◆ What to work on: Except for the pictures, output the records in full and exactly.

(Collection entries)
* * *

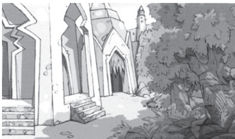
تصویر ۵- فضاهای انیمیشن تلویزیونی «پهلوانان» تحت تاثیر معماری ایرانی دوره ایلخانی قرار گرفته است. مأخذ: (سریال «پهلوانان»)

هماهنگی گرافیک مناسب با مضمون فیلم نامه، هماهنگی نور با مضمون فیلم نامه، هماهنگی زمینه ها با شخصیت ها (از نظر طراحی، رنگ و بافت)، هماهنگی طراحی فضا با زمان و جغرافیای وقوع داستان، هماهنگی طراحی فضا با تکنیک و نرم افزار اجرائی کار، هماهنگی طراحی اکسسوار با طراحی فضا و هماهنگی طراحی رنگ و بافت با سبک و تکنیک بصری فیلم، از جمله مواردی است که در ایجاد سبک بصری و فضاسازی موثر هستند.
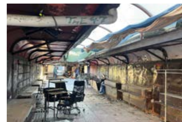
▲ Prestavba trhoviska bude zrejme na etapy, aby neodradili trhovníkov. Termín zatiaľ známy nie je.
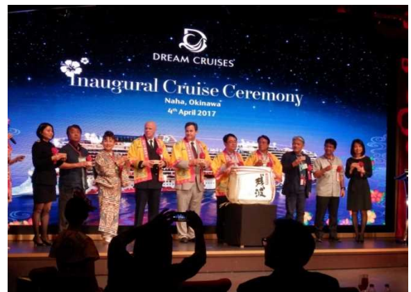
初寄港を祝って鏡開きをする様子
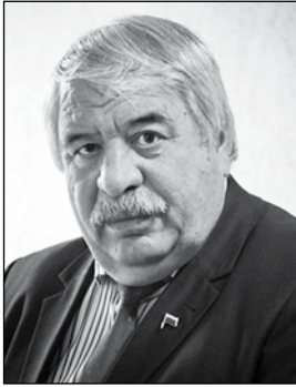
Магхаммат АГЪМАТОВ, Дагъыстанны халкъ шаири
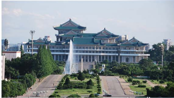
대학에서 설계한 건축물의 일부
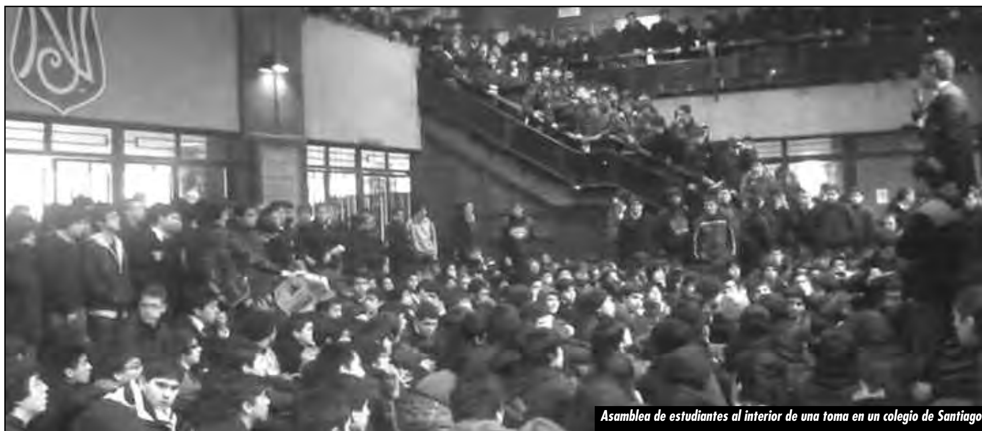
Asamblea de estudiantes al interior de una toma en un colegio de Santiago

¡Hay que unir nuestro combate con las luchas de nuestros hermanos de todo el continente y el mundo entero! ¡Por la unidad de las filas de la clase obrera chilena con las de todo el proletariado del continente para luchar por la expropiación, sin pago y bajo control obrero, de todos los monopolios imperialistas que desangran y saquean nuestras naciones!
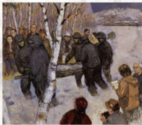
《1946年埋葬者を搬ぶ私を写生する1993年の私》
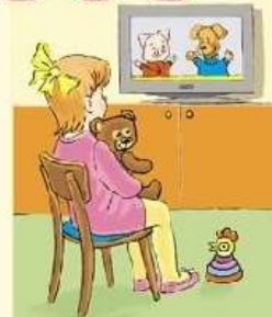
Просмотр детских телепередач.
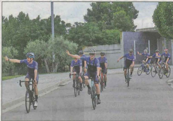
La iniciativa es va presentar ahir a Torrefarrera

La iniciativa vol fer partícips als nois i noies d'Aspamis, per la qual cosa tots els dies que duri la carrera s'habilitarà una sala en els diferents centres que té Aspamis (dos a Torrefarrera, un a Alcoletge i un a Vencillón) per a què els residents pugui connectar via telemàtica amb els ciclistes, animar-los en la seva gesta i
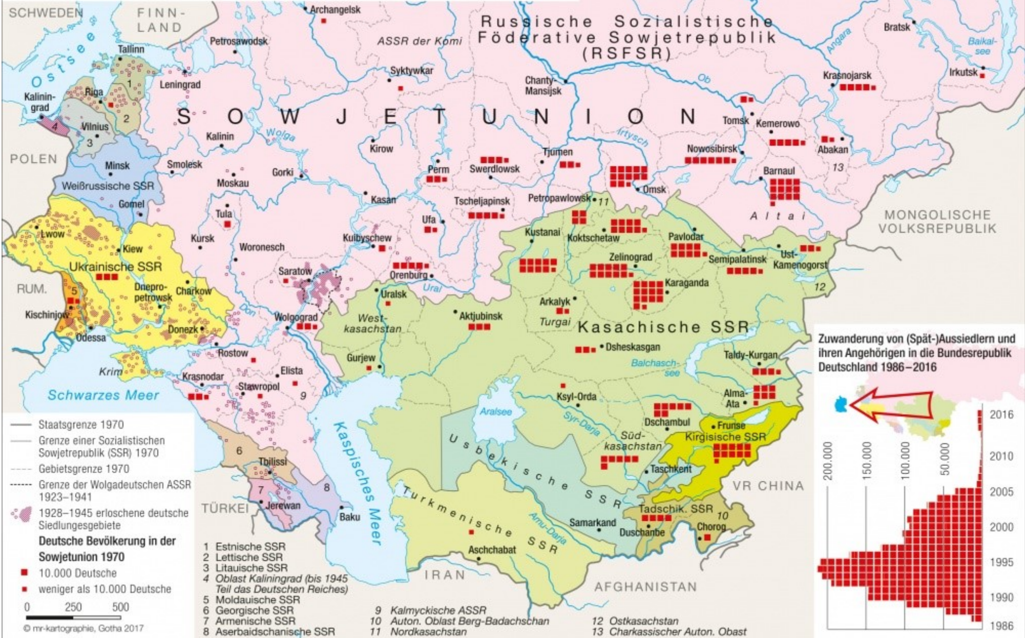
Zuwanderung von (Spät-)Aussiedlern und ihren Angehörigen in die Bundesrepublik Deutschland 1986-2016
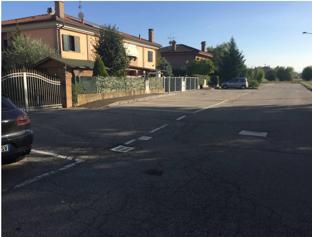
Fotografia 05 – Vista parcheggi pubblici esistenti
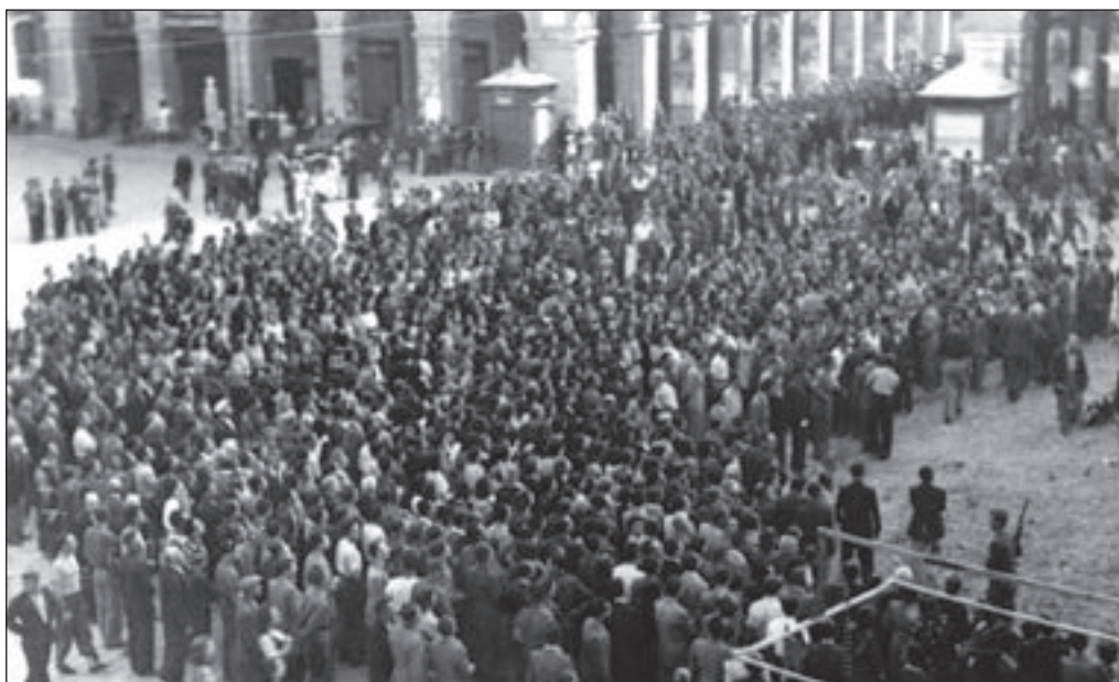
11. 27 luglio, Piazza Mameli - Una folla sempre più numerosa si stringe intorno al monumento.
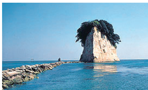
Noto Peninsula Quasi-National Park (9,672ha) (能登半島国立公園)
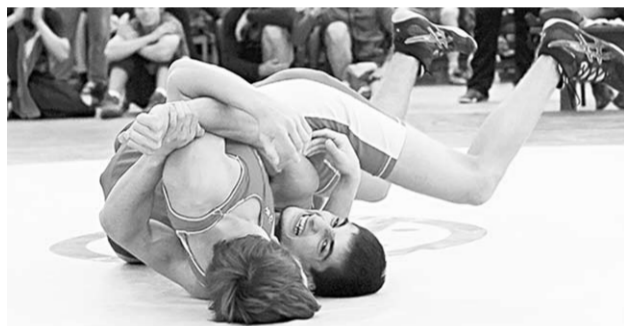
Воронежские атлеты успешно выступили на мемориале Алёхина.

В воронежском спорткомплексе «Звёздный» прошёл XXIV Всероссийский турнир по греко-римской борьбе, посвящённый памяти мастера спорта СССР, заслуженного тренера России Владимира Николаевича Алёхина (1940 – 1994).
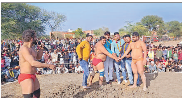
एक-दूसरे से हाथ मिलाकर जोर आजमाइश करते पहलवान।
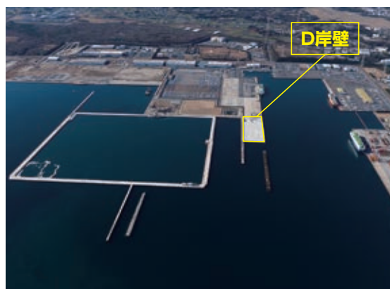
中央ふ頭地区水深12m岸壁(D岸壁)
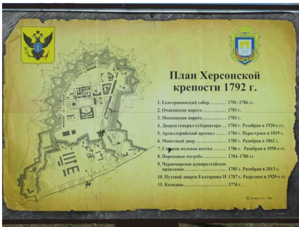
Рис. 1. План Херсонский крепости, 1792 г. Fig. 1. Plan of the Kherson fortress, 1792.

Для строительства города были привлечены именитые архитекторы и инженеры, такие как И. Ситников, И. Старов, Герма, К. Боржуа, М. Корсаков, и многие другие. В течение нескольких лет разработали регулярный план Херсона с четкими и ясными линиями. Центром стала Крепость (рис. 1), занимающая площадь порядка 100 га. Укрепление представляло собой целый комплекс, состоящий из культовых, общественных и военно-фортификационных сооружений. Оборонительная система крепости включала в себя бастионы, высокие земляные валы, подземные галереи, колодец, рвы, подъемные мосты на Очаковских и Московских воротах.
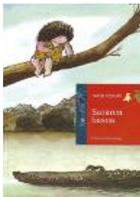
Sararen basoa Emilio Urberuaga/ Nekane Umerez IBAIZABAL

Hegoaldeko mutiko baten gogoe-tak, iparraldeko aittaren etxean. Egun berriaren esnaera, senide berriarekin topo egitea, leihoaz bestaldeko errealtatea eta iragana talkan eta, azkenik, bizitza berriaren onarpena. Narrazio poetiko edo poesia narratibo honek, gaztea egoera berrira nola egokitzen den kontatuko digu. 14 urtetik gorakoentzat. •

* * *

◆ Result of this exercise:
تصویر ۵- فضاهای انیمیشن تلویزیونی «پهلوانان» تحت تاثیر معماری ایرانی دوره ایلخانی قرار گرفته است. مأخذ: (سریال «پهلوانان»)

هماهنگی گرافیک مناسب با مضمون فیلم نامه، هماهنگی نور با مضمون فیلم نامه، هماهنگی زمینه ها با شخصیت ها (از نظر طراحی، رنگ و بافت)، هماهنگی طراحی فضا با زمان و جغرافیای وقوع داستان، هماهنگی طراحی فضا با تکنیک و نرم افزار اجرائی کار، هماهنگی طراحی اکسسوار با طراحی فضا و هماهنگی طراحی رنگ و بافت با سبک و تکنیک بصری فیلم، از جمله مواردی است که در ایجاد سبک بصری و فضاسازی موثر هستند.
▲ Prestavba trhoviska bude zrejme na etapy, aby neodradili trhovníkov. Termín zatiaľ známy nie je.
初寄港を祝って鏡開きをする様子
Магхаммат АГЪМАТОВ, Дагъыстанны халкъ шаири
대학에서 설계한 건축물의 일부
Asamblea de estudiantes al interior de una toma en un colegio de Santiago

¡Hay que unir nuestro combate con las luchas de nuestros hermanos de todo el continente y el mundo entero! ¡Por la unidad de las filas de la clase obrera chilena con las de todo el proletariado del continente para luchar por la expropiación, sin pago y bajo control obrero, de todos los monopolios imperialistas que desangran y saquean nuestras naciones!
《1946年埋葬者を搬ぶ私を写生する1993年の私》
Просмотр детских телепередач.
La iniciativa es va presentar ahir a Torrefarrera

La iniciativa vol fer partícips als nois i noies d'Aspamis, per la qual cosa tots els dies que duri la carrera s'habilitarà una sala en els diferents centres que té Aspamis (dos a Torrefarrera, un a Alcoletge i un a Vencillón) per a què els residents pugui connectar via telemàtica amb els ciclistes, animar-los en la seva gesta i
Zuwanderung von (Spät-)Aussiedlern und ihren Angehörigen in die Bundesrepublik Deutschland 1986-2016
Fotografia 05 – Vista parcheggi pubblici esistenti
11. 27 luglio, Piazza Mameli - Una folla sempre più numerosa si stringe intorno al monumento.
Noto Peninsula Quasi-National Park (9,672ha) (能登半島国立公園)
Воронежские атлеты успешно выступили на мемориале Алёхина.

В воронежском спорткомплексе «Звёздный» прошёл XXIV Всероссийский турнир по греко-римской борьбе, посвящённый памяти мастера спорта СССР, заслуженного тренера России Владимира Николаевича Алёхина (1940 – 1994).
एक-दूसरे से हाथ मिलाकर जोर आजमाइश करते पहलवान।
中央ふ頭地区水深12m岸壁(D岸壁)
Рис. 1. План Херсонский крепости, 1792 г. Fig. 1. Plan of the Kherson fortress, 1792.

Для строительства города были привлечены именитые архитекторы и инженеры, такие как И. Ситников, И. Старов, Герма, К. Боржуа, М. Корсаков, и многие другие. В течение нескольких лет разработали регулярный план Херсона с четкими и ясными линиями. Центром стала Крепость (рис. 1), занимающая площадь порядка 100 га. Укрепление представляло собой целый комплекс, состоящий из культовых, общественных и военно-фортификационных сооружений. Оборонительная система крепости включала в себя бастионы, высокие земляные валы, подземные галереи, колодец, рвы, подъемные мосты на Очаковских и Московских воротах.
Sararen basoa Emilio Urberuaga/ Nekane Umerez IBAIZABAL

Hegoaldeko mutiko baten gogoe-tak, iparraldeko aittaren etxean. Egun berriaren esnaera, senide berriarekin topo egitea, leihoaz bestaldeko errealtatea eta iragana talkan eta, azkenik, bizitza berriaren onarpena. Narrazio poetiko edo poesia narratibo honek, gaztea egoera berrira nola egokitzen den kontatuko digu. 14 urtetik gorakoentzat. •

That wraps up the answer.